◆ **Work to be completed**:
Everything from the line with "휴일이라 차가 거의 다니지 않는 공원 내 도로" to the last line of the listing must be retyped exactly, both ends included, with the pictures dropped.

◆ **Source material**:
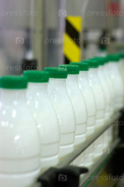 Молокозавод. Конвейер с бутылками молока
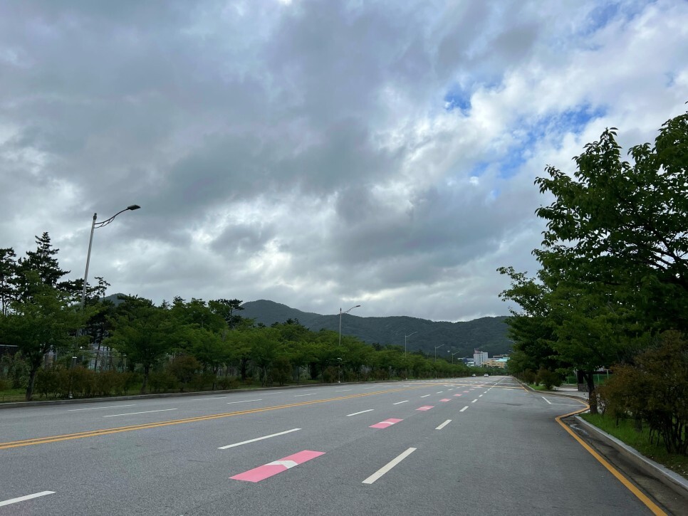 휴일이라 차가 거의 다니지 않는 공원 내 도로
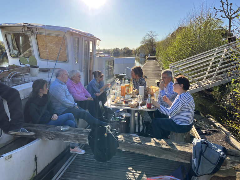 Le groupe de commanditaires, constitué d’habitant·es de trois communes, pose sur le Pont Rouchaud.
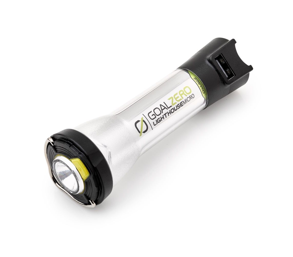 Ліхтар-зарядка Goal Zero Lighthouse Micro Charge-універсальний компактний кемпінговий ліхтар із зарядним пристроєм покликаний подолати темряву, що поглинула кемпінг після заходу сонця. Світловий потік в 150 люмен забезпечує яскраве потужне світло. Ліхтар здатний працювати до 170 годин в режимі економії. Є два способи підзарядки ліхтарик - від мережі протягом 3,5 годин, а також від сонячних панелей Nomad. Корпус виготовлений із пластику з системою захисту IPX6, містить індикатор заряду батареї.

◆ **Problem solution**:
 휴일이라 차가 거의 다니지 않는 공원 내 도로
 Le groupe de commanditaires, constitué d’habitant·es de trois communes, pose sur le Pont Rouchaud.
 Ліхтар-зарядка Goal Zero Lighthouse Micro Charge-універсальний компактний кемпінговий ліхтар із зарядним пристроєм покликаний подолати темряву, що поглинула кемпінг після заходу сонця. Світловий потік в 150 люмен забезпечує яскраве потужне світло. Ліхтар здатний працювати до 170 годин в режимі економії. Є два способи підзарядки ліхтарик - від мережі протягом 3,5 годин, а також від сонячних панелей Nomad. Корпус виготовлений із пластику з системою захисту IPX6, містить індикатор заряду батареї.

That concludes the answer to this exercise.